Provided material Start Marker
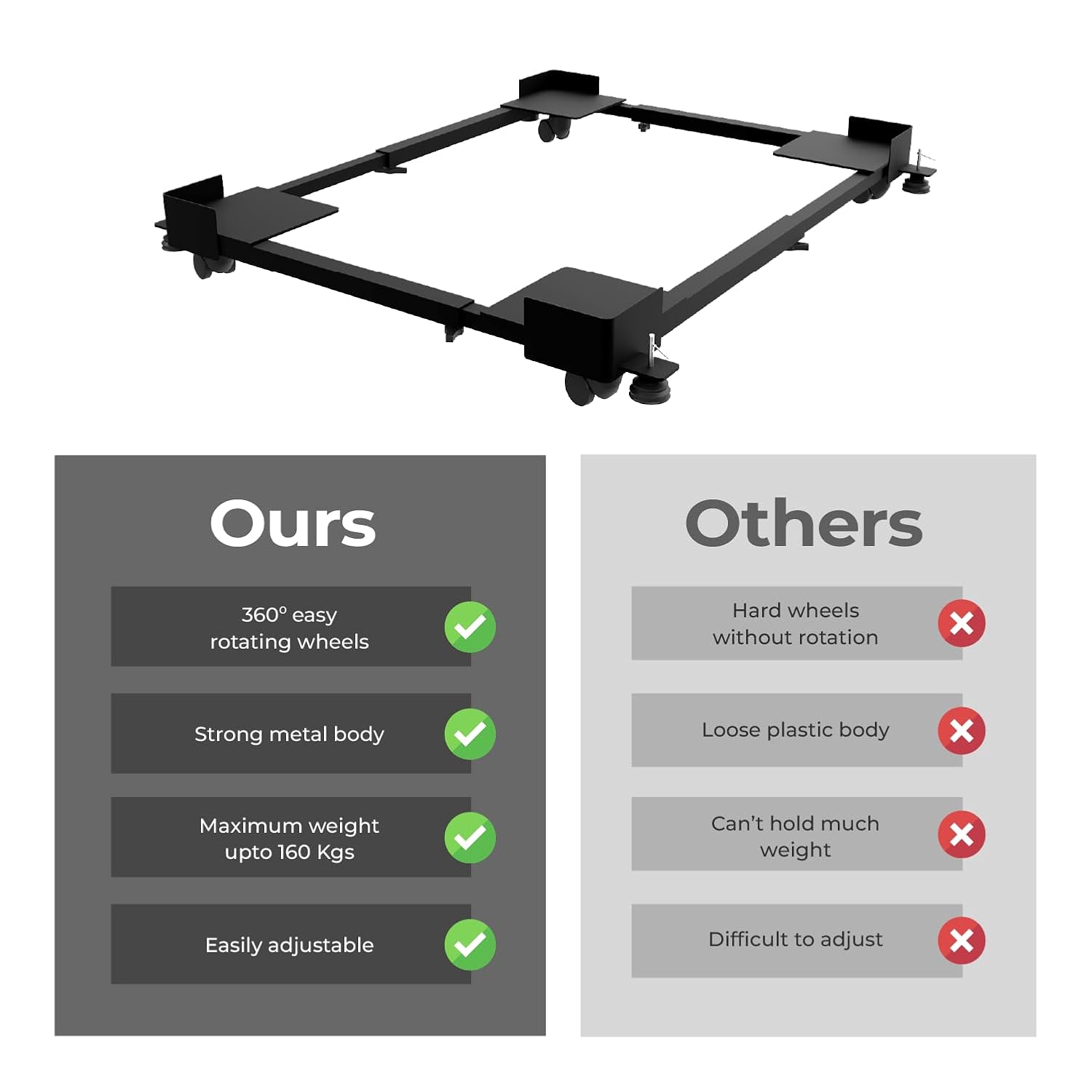 Veriexpress Universal & Adjustable Metal Washing Machine Stand (5 KG to 12 KG) | Trolley with Wheels | Single/Double Door Fridge Stand, Air Cooler Stand | 170 KG Capacity, 4 Anti Vibration Pads |Refrigerator stand with Wheels|Dishwasher Stand Trolley
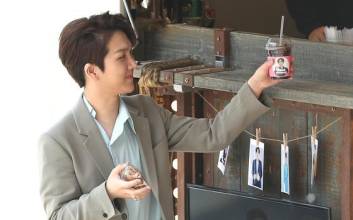 가수 김수찬이 27일 오후 서울 여의도 KBS 본관에서 열린 KBS 예능프로그램 ‘편스토랑’ 녹화 중 팬들이 보낸 커피차 앞으로 나와 포토타임을 갖고 있다.박세완 기자 park.sewan@jtbc.co.kr / 2020.04.27/ 2020.04.27 15:40
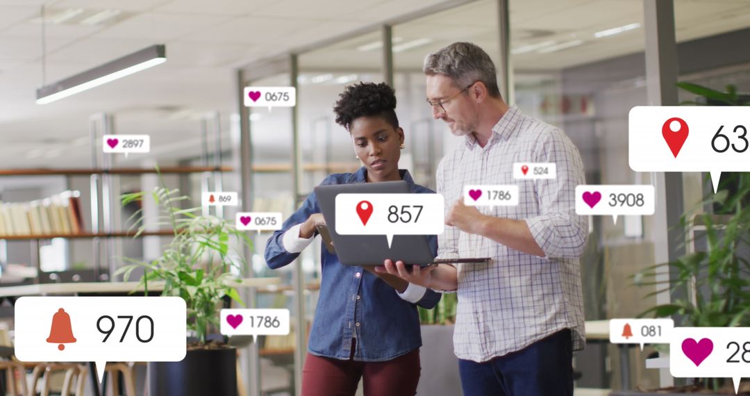 Diverse coworkers in a bright, modern office discuss social media analytics displayed on a laptop screen. Various notification icons float around them, indicating engagement metrics like likes, comments, and reminders. Ideal for illustrating themes of business analytics, teamwork, digital strategy development, or social media management strategies.
Provided material End Marker
Your goal: Please repeat the listing above word for word, with the pictures removed.

Answer to the exercise:
 Veriexpress Universal & Adjustable Metal Washing Machine Stand (5 KG to 12 KG) | Trolley with Wheels | Single/Double Door Fridge Stand, Air Cooler Stand | 170 KG Capacity, 4 Anti Vibration Pads |Refrigerator stand with Wheels|Dishwasher Stand Trolley
 가수 김수찬이 27일 오후 서울 여의도 KBS 본관에서 열린 KBS 예능프로그램 ‘편스토랑’ 녹화 중 팬들이 보낸 커피차 앞으로 나와 포토타임을 갖고 있다.박세완 기자 park.sewan@jtbc.co.kr / 2020.04.27/ 2020.04.27 15:40
 Diverse coworkers in a bright, modern office discuss social media analytics displayed on a laptop screen. Various notification icons float around them, indicating engagement metrics like likes, comments, and reminders. Ideal for illustrating themes of business analytics, teamwork, digital strategy development, or social media management strategies.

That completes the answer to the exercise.